Just wanted to take a minute and say thank you to all who make this site the way it is. Had an issue on the lake the other day, motor would drop down in rpm's at WOT and then back up. I am fairly new to working on outboards, so when I came home I visited here and made a search and started reading.....looks like a fuel delivery problem.....started to make a list........ plugged fuel filter.....bad fuel hoses....bad primer bulb...dirty carb....bad fuel pump....etc, etc. Started searching for replacement parts and rebuild kits for all....so I had some idea of cost of each....went to NAPA for new fuel filter since old one was a NAPA part....went to the lake the next day....problem seems corrected, runs at WOT just as it should......not a major tear down and rebuild, but a first step in my ability to work on an outboard and correct the problem....this site was the reason.......thanks to all....


----------



## Johnny (May 27, 2017)

good job Fire !!
I also think this is ONE AWESOME FORUM to learn and share ideas and experiences.
don't know why, but, I have always been intimidated by outboard repairs (everyone has their own fears).
my last outboard issue was the same as yours - fuel delivery - very frustrating indeed.
if you don't have the first clue as what to look for or where to start.
starting at the carb and working back to the gas tank can be expensive in repairing/replacing things
that are not the problem...... my philosophy is to start at the tank and work towards the motor.
the most simplest issues can be the most frustrating and time consuming (but can be the cheapest to fix).
again - good job on your fix !!


----------



## Captain Ahab (May 27, 2017)

take full credit Thanks :mrgreen: :mrgreen: :mrgreen: :mrgreen: :mrgreen: :mrgreen: :mrgreen: :mrgreen: :mrgreen:


----------



## Jim (May 28, 2017)

Awesome man! :beer:


----------



## fool4fish1226 (May 28, 2017)

:beer: :beer: :beer:


----------



## DaleH (May 28, 2017)

Glad...it..worked...for..you...but..man.....that...was.......tough..to...read.....


----------



## LDUBS (May 28, 2017)

DaleH said:


> Glad...it..worked...for..you...but..man.....that...was.......tough..to...read.....



Funny, I didn't even notice until I read your post.
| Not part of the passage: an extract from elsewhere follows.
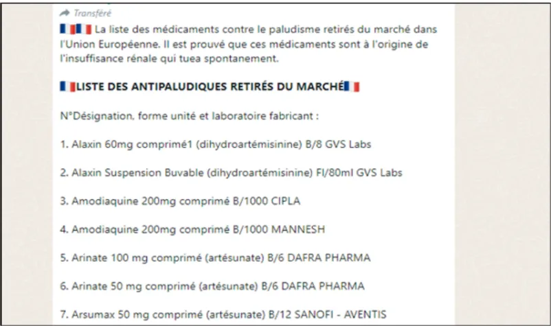 Publication WhatsApp au sujet des 49 « médicaments antipaludéens retirés du marché européen »

I think it made it easier for me to read, and that is all I will say on the subject ... period!


----------



## Fire1386 (May 28, 2017)

LOL sorry Dale. I will try and do better next time....


----------



## stinkfoot (May 28, 2017)

DaleH said:


> Glad...it..worked...for..you...but..man.....that...was.......tough..to...read.....


 Haha, I'm also a ... typist.....


----------



## WiskeyJaR (May 30, 2017)

I was able to read it just fine.....but then I ride a low horse :beer: :-


----------



## Jim (May 30, 2017)

WiskeyJaR said:


> I was able to read it just fine.....but then I ride a low horse :beer: :-



:LOL2:


----------



## Shoedawg (May 31, 2017)

LOL get ready for my OB motor questions coming soon to a thread near you. I am very confident that someone has an answer for me on here. Best forum on the net. EVER!!!


----------